(RECORDED INFORMATION)
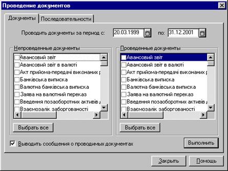 Рис. 2 Діалогове вікно Проведення документів.
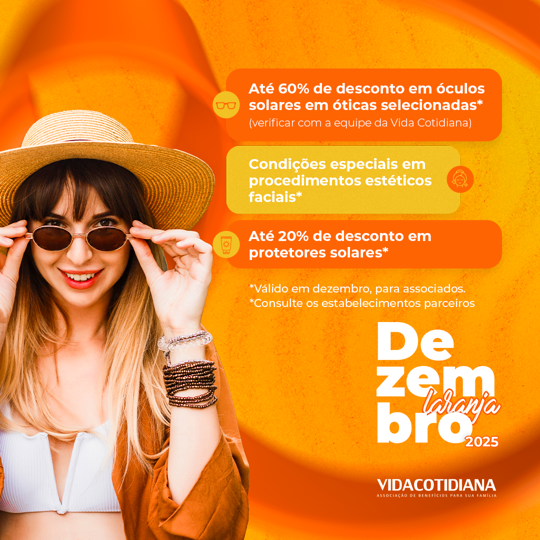 No mês oficial de prevenção ao câncer de pele, uma campanha que reforça a importância da proteção diária, do uso do protetor solar e da atenção aos sinais que o corpo nos dá, a Vida Cotidiana preparou benefícios exclusivos para associados ao longo de todo o mês, porque quando o cuidado é acessível, fica mais fácil manter a saúde em dia.
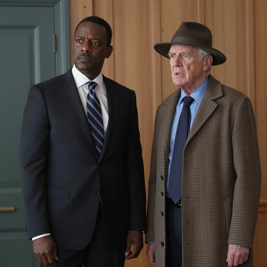 Two middle-aged Caucasian men standing indoors against a cracked, faded wall. The man on the left has curly gray hair, visible facial wrinkles, and is wearing a brown corduroy jacket over a dark shirt, shown in side profile. The man on the right has blond hair, a thick mustache, and is dressed in a black suit jacket with a brown button-up shirt, facing slightly to the right. Both men have serious and intense expressions.
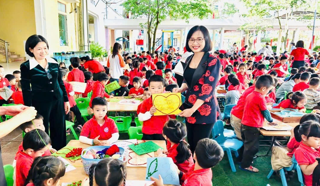 Nhà giáo, TS. Phạm Thị Ánh Nguyệt và Ban giám hiệu trường Mầm non Hoa Hồng dự, động viên thầy cô và các bé.
(End RECORDED INFORMATION)
**THE PROBLEM:**
Take the material above and set it down exactly, minus the images.

**SOLVED PROBLEM:**
 Рис. 2 Діалогове вікно Проведення документів.
 No mês oficial de prevenção ao câncer de pele, uma campanha que reforça a importância da proteção diária, do uso do protetor solar e da atenção aos sinais que o corpo nos dá, a Vida Cotidiana preparou benefícios exclusivos para associados ao longo de todo o mês, porque quando o cuidado é acessível, fica mais fácil manter a saúde em dia.
 Two middle-aged Caucasian men standing indoors against a cracked, faded wall. The man on the left has curly gray hair, visible facial wrinkles, and is wearing a brown corduroy jacket over a dark shirt, shown in side profile. The man on the right has blond hair, a thick mustache, and is dressed in a black suit jacket with a brown button-up shirt, facing slightly to the right. Both men have serious and intense expressions.
 Nhà giáo, TS. Phạm Thị Ánh Nguyệt và Ban giám hiệu trường Mầm non Hoa Hồng dự, động viên thầy cô và các bé.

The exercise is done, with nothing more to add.